- What this task involves:
Could you please reproduce the entries exactly, leaving out any pictures?

- Input data:
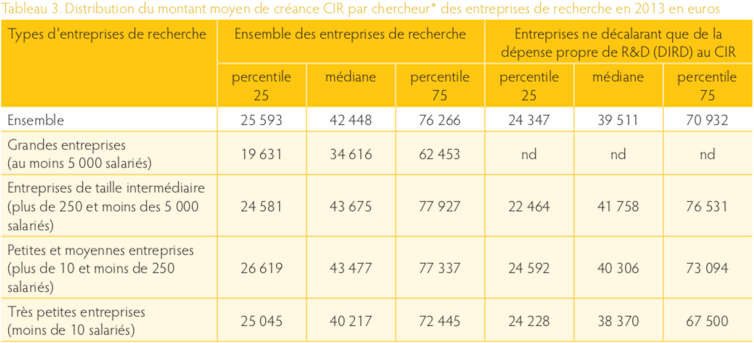 Certains éléments de la mise en œuvre, que l’étude discute à partir d’une enquête qualitative exploratoire réalisée par des étudiants de l’EDHEC, peuvent expliquer ces décalages. En effet, cette partie de l’étude permet de mettre en évidence l’existence de coûts administratifs importants qui s’expliquent par la nécessité d’avoir un document de présentation du projet de recherche à même de convaincre l’administration fiscale, et un processus efficient de traçabilité des dépenses internes dédiées à la R&D : on ne s’improvise pas entreprise centrée sur la recherche ! À cela s’ajoute potentiellement un contrôle de conformité de l’administration fiscale, dont la différence avec un contrôle fiscal (qu’il peut en partie annoncer…) n’est pas toujours claire pour les petites entreprises. Ces éléments peuvent conduire les entreprises à une certaine « prudence » dans la déclaration de leurs dépenses au titre du CIR, c’est-à-dire à déclarer moins que ce qu’elles font effectivement… voire à ne rien déclarer du tout ! Pourtant, le retour fiscal que les entreprises peuvent attendre du CIR n’est pas négligeable : l’étude montre que ce montant de la créance par chercheur a une médiane qui se situe à environ 42 000 euros, et que pour 25 % des entreprises ce montant est supérieur à 72 000 euros, comme indiqué dans le tableau ci-dessous.
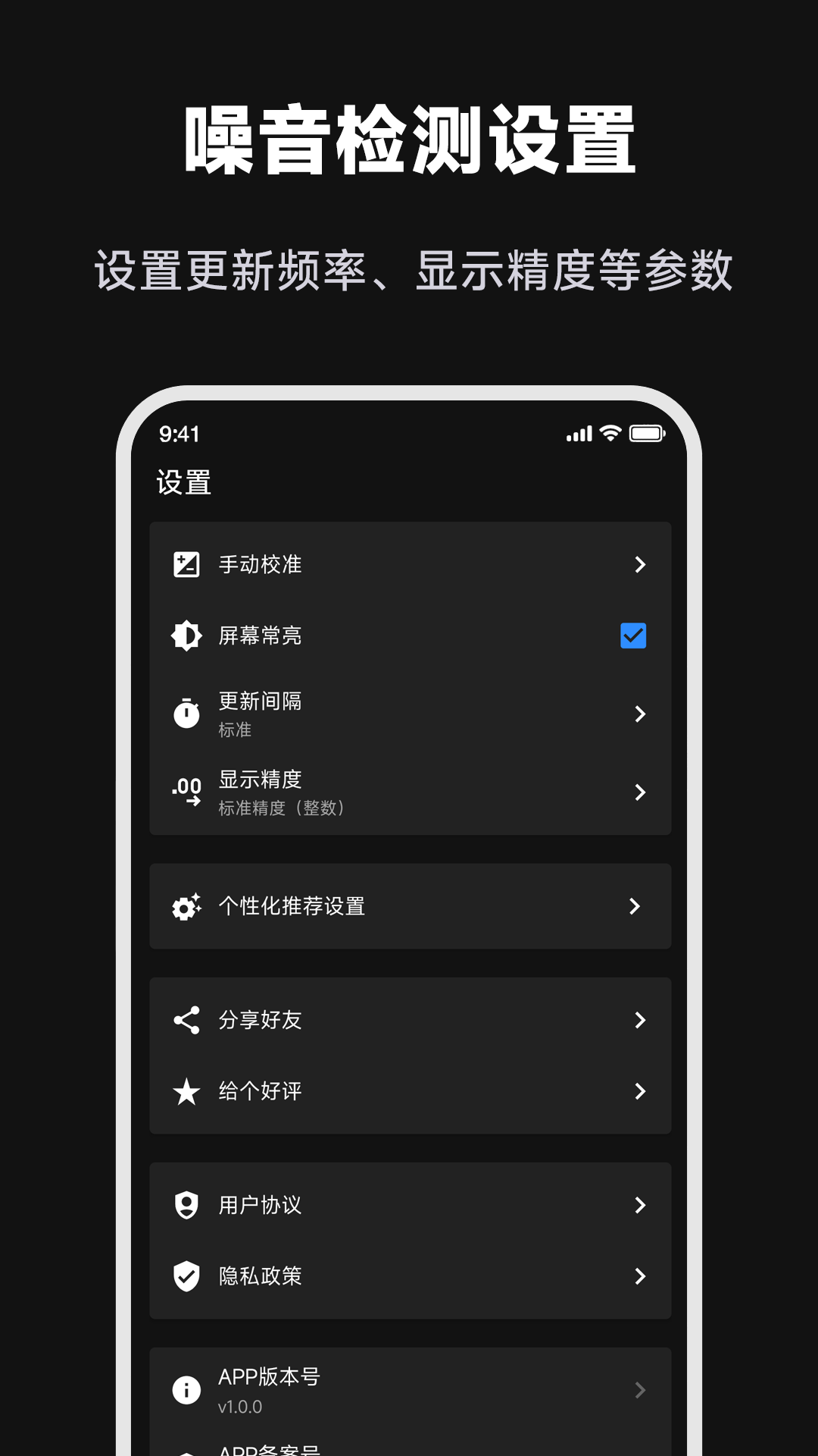 专业准确地测量噪音分贝值,支持手动分贝校准功能
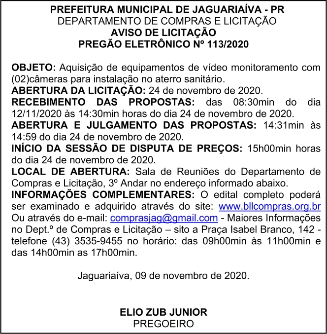 Aviso de Licitação Pregão Eletrônico Nº 113/2020
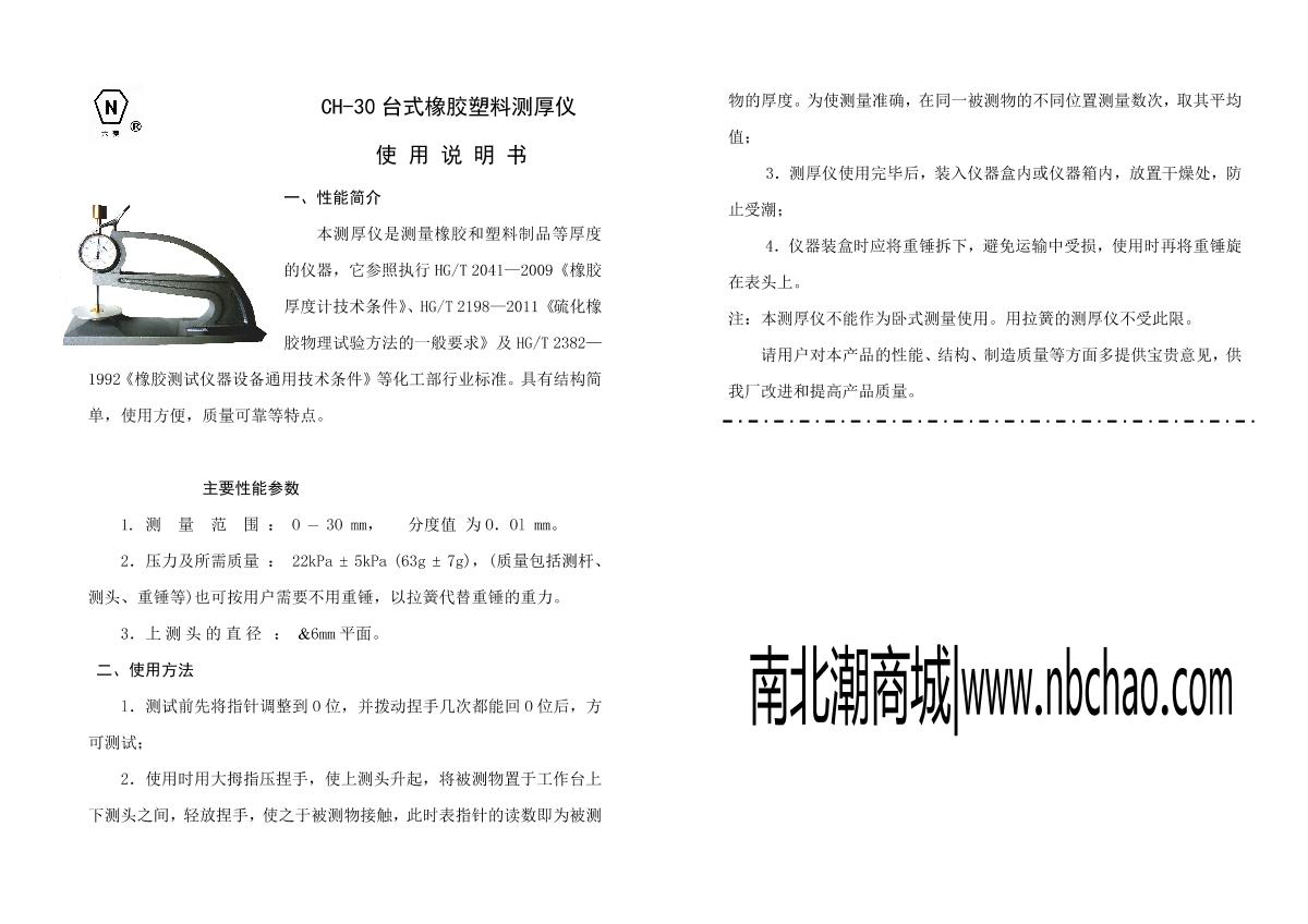 LiuLing CH-30 Large Span Benchtop Rubber Thickness Gauge Manual,OI
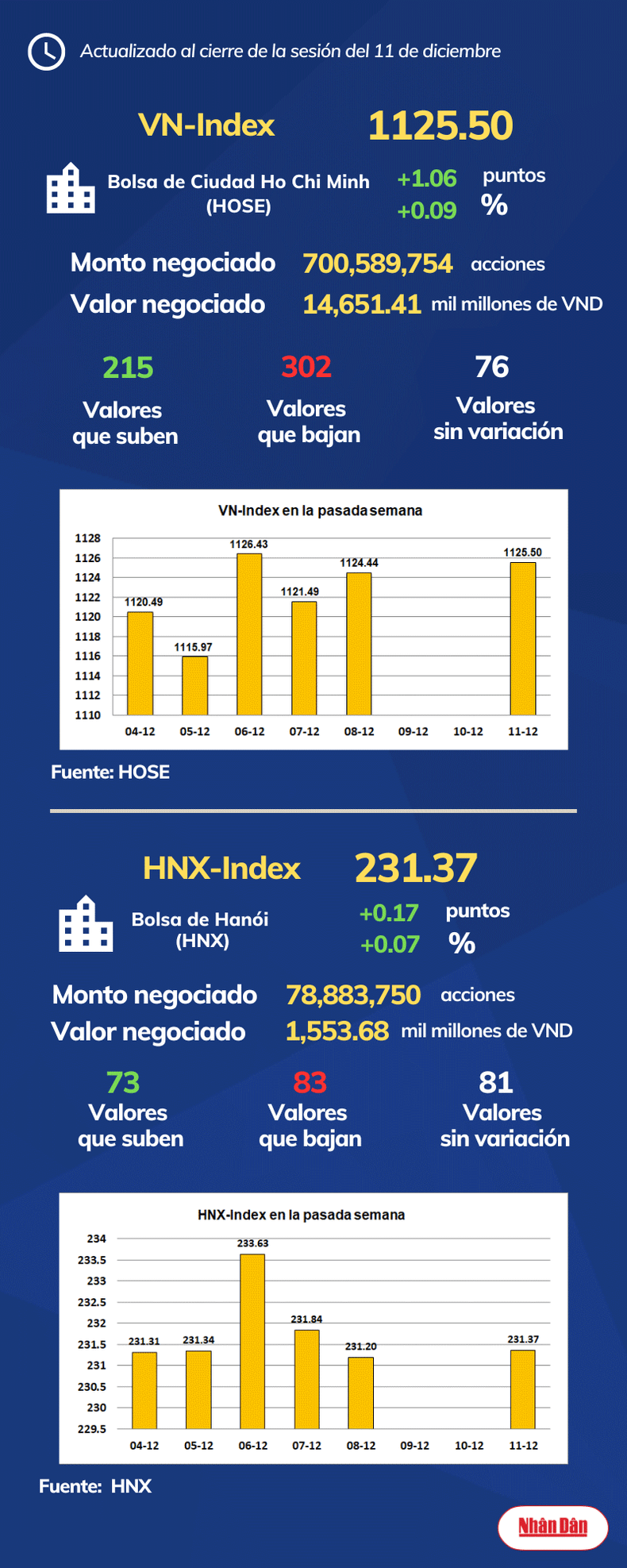 Infografía: Mercado bursátil de Vietnam - 11 de diciembre de 2023
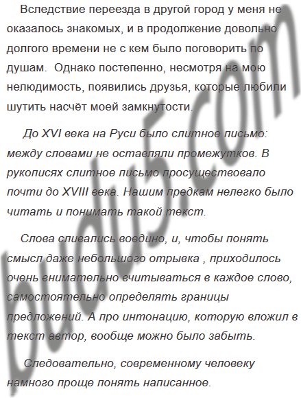 1. До XVI века на Руси было слитное письмо: между словами не оставляли промежутков. В рукописях слитное письмо просуществовало почти до XVIII века. Посмотрите, как выглядел такой текст.

- Result:
 Certains éléments de la mise en œuvre, que l’étude discute à partir d’une enquête qualitative exploratoire réalisée par des étudiants de l’EDHEC, peuvent expliquer ces décalages. En effet, cette partie de l’étude permet de mettre en évidence l’existence de coûts administratifs importants qui s’expliquent par la nécessité d’avoir un document de présentation du projet de recherche à même de convaincre l’administration fiscale, et un processus efficient de traçabilité des dépenses internes dédiées à la R&D : on ne s’improvise pas entreprise centrée sur la recherche ! À cela s’ajoute potentiellement un contrôle de conformité de l’administration fiscale, dont la différence avec un contrôle fiscal (qu’il peut en partie annoncer…) n’est pas toujours claire pour les petites entreprises. Ces éléments peuvent conduire les entreprises à une certaine « prudence » dans la déclaration de leurs dépenses au titre du CIR, c’est-à-dire à déclarer moins que ce qu’elles font effectivement… voire à ne rien déclarer du tout ! Pourtant, le retour fiscal que les entreprises peuvent attendre du CIR n’est pas négligeable : l’étude montre que ce montant de la créance par chercheur a une médiane qui se situe à environ 42 000 euros, et que pour 25 % des entreprises ce montant est supérieur à 72 000 euros, comme indiqué dans le tableau ci-dessous.
 专业准确地测量噪音分贝值,支持手动分贝校准功能
 Aviso de Licitação Pregão Eletrônico Nº 113/2020
 LiuLing CH-30 Large Span Benchtop Rubber Thickness Gauge Manual,OI
 Infografía: Mercado bursátil de Vietnam - 11 de diciembre de 2023
 1. До XVI века на Руси было слитное письмо: между словами не оставляли промежутков. В рукописях слитное письмо просуществовало почти до XVIII века. Посмотрите, как выглядел такой текст.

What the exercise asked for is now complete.